1.1. – Con atto notificato in date 1/2.10.2002 a Bakemark Italia s.r.l., al signor Brunetto Tito Franco, a Van Den Bergh Italia S.p.A. (oggi Unilever Italia s.r.l.) ed al signor Daniele Bondì, l’ufficio Milano 3 dell’agenzia delle entrate chiese il pagamento della complessiva somma di Lire 7.585.442.613, a titolo di maggiore imposta di registro, interessi, diritti e sanzioni, relativamente alla vendita di un ramo d’azienda, da Van Den Bergh a Bakemark, intervenuta il 29.9.2000, avendo rettificato in aumento il valore del bene per effetto del disconoscimento di alcune passività, che erano ritenute non debitamente documentate, per Lire 1.028.798.474, o poste in essere a scopo elusivo, per Lire 100.000.000.000.

1.2. – La commissione tributaria provinciale di Milano, con quattro sentenze (nn. 230, 231, 232 e 233 del 2003), accolse i ricorsi distintamente presentati dai nominati contribuenti – per asserita infondatezza della pretesa fiscale e, in subordine, per l’eliminazione delle sanzioni – avendo giudicato illegittimi gli avvisi di rettifica e liquidazione impugnati giacché le passività di ordine commerciale e finanziario influenti sulla base imponibile (valore del ramo d’azienda trasferito) apparivano giustificate quanto alla loro origine e risultavano incontestabilmente dalle scritture contabili sia della ditta cedente sia, posteriormente all’atto, da quelle della cessionaria.

1.3. – Con la sentenza citata in epigrafe, la commissione tributaria regionale della Lombardia accolse parzialmente, previa riunione, gli appelli proposti dall’ufficio, ritenendo giustificata l’esistenza fra le passività dei debiti di natura commerciale, pari a Lire 1.028.798.474, “in quanto il loro inserimento deriva da una libera contrattazione delle parti sulla base della documentazione fornita dal Contribuente”; ma non rispondente a valide ragioni economiche, e quindi da escludere, con relativo aumento della base imponibile, il debito di natura finanziaria esposto in cento miliardi di Lire, sussistendo presunzioni gravi, precise e concordanti, ricavate dall’intreccio delle operazioni documentate, che l’esposizione fosse stata determinata “per mezzo di una procedura che pur non presentando rilievi opinabili sotto il profilo del diritto ordinario, non rispetta l’ordinamento tributario italiano in quanto l’inserimento di dette passività finanziarie nel prospetto di cessione del ramo d’azienda deriva in definitiva da un preordinato intento elusivo attuato al fine di sottrarre imponibilità fiscale”.

1.4. – Tutti i nominati contribuenti ricorrono, con quattro motivi illustrati da successiva memoria, per chiedere la cassazione di tale sentenza, con ogni provvedimento conseguente, anche in ordine alle spese di questo giudizio di legittimità.

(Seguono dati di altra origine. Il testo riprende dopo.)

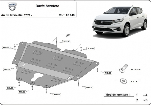 Acél motor, kapcsolószekrény védőlemez Dacia Sandero (2021-2026)

L’agenzia intimata resiste mediante deposito di controricorso.

  1. – Motivi del ricorso.

2.1. – I contribuenti espongono i seguenti motivi di ricorso.

2.1.1. – Nullità della sentenza impugnata (articolo 360, 1° co., n. 4, c.p.c.) per inammissibilità degli appelli, proposti dall’ufficio senza l’autorizzazione prescritta dall’articolo 52, co. 2, D.L.vo 31 dicembre 1992, n. 546.

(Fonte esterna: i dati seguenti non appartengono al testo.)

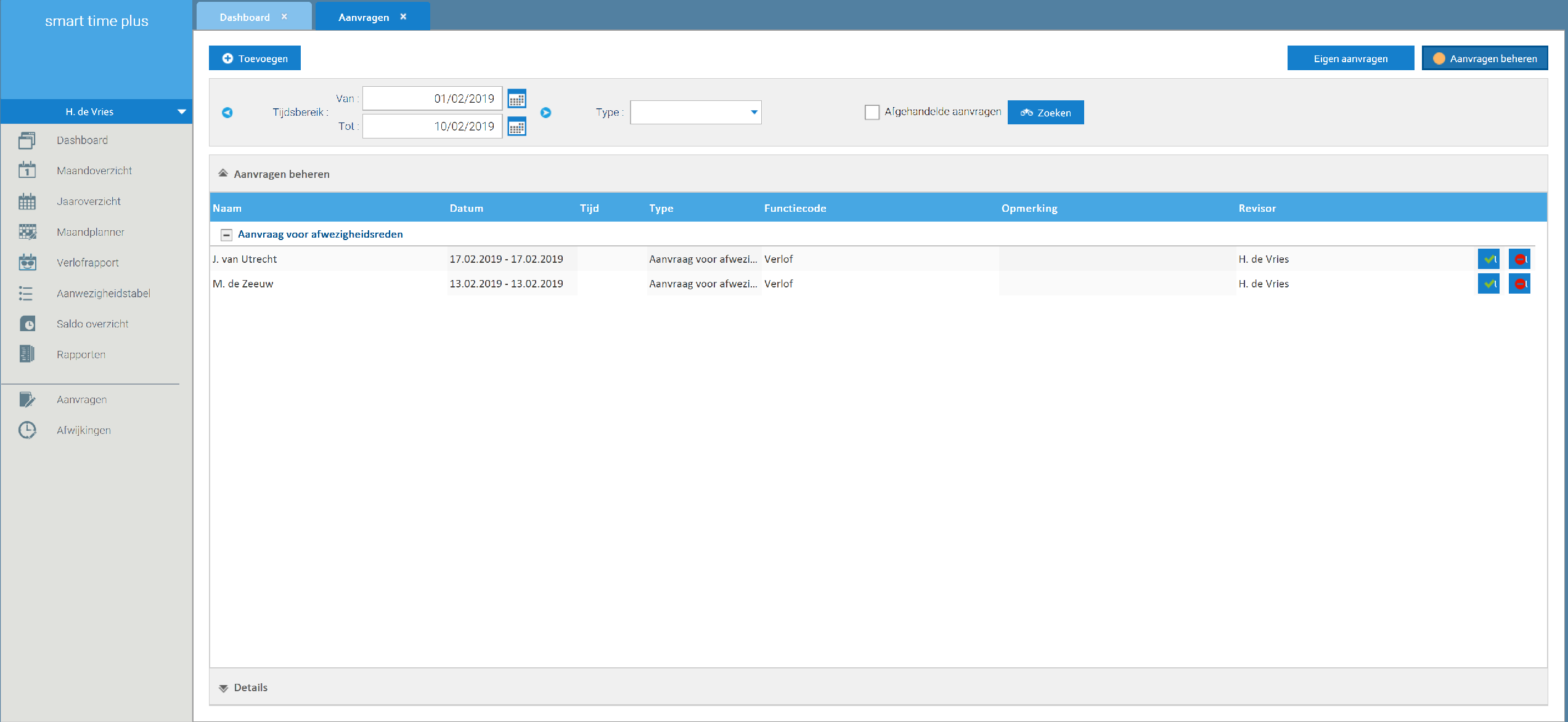 Beheer aanvragen

2.1.2. – In relazione all’articolo 360, 1° co., nn. 3 e 5, c.p.c., violazione e falsa applicazione degli articoli 20, D.P.R. 26 aprile 1986, n. 131; 37 bis, D.P.R. 29 settembre 1973, n. 600; omessa o insufficiente motivazione, in quanto, pur avendo premesso che “nel sistema tributario attualmente vigente non esiste uno strumento normativo idoneo a contrastare tutti i comportamenti elusivi”, la commissione regionale fa tuttavia riferimento, anche per via analogica, alle disposizioni citate, assumendo trattarsi di “norme generali che vanno comunque tenute presenti quale canone di interpretazione delle norme tributarie”; e che invece, secondo i ricorrenti, non sarebbero applicabili alla fattispecie in esame, non avendo peraltro il giudicante a quo addotto validi argomenti a sostegno della ritenuta sussistenza dei presupposti di fatto giustificanti l’applicazione delle suddette norme anti-elusive.

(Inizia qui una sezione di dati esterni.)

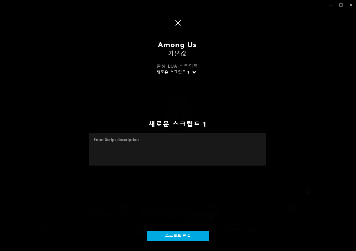 왼쪽 하단의 기본값(프로필)에서 세부 정보 옆의 아이콘을 클릭하면 스크립트 기능을 활용할 수 있습니다. 이 기능을 통해서 루아 스크립트를 통해 마우스 좌표나 여러 기능을 활용할 수 있습니다. 이 스크립트 기능은 같은 로지텍 소프트웨어 프로그램인 게임 소프트웨어와 동일한 기능입니다.

2.1.3. – In relazione all’articolo 360, 1° co., nn. 3 e 5, c.p.c., violazione e falsa applicazione dell’articolo 51, 4° co., D.P.R. 26 aprile 1986, n. 131; omessa motivazione, con riferimento alla mancata valutazione degli elementi probatori forniti da essi ricorrenti circa un punto determinante ai fini della decisione, “consistente nell’accertamento dell’esistenza di una connessione funzionale tra il ramo d’azienda oggetto di acquisizione e le passività finanziarie in tal sede accollate da Bakemark”.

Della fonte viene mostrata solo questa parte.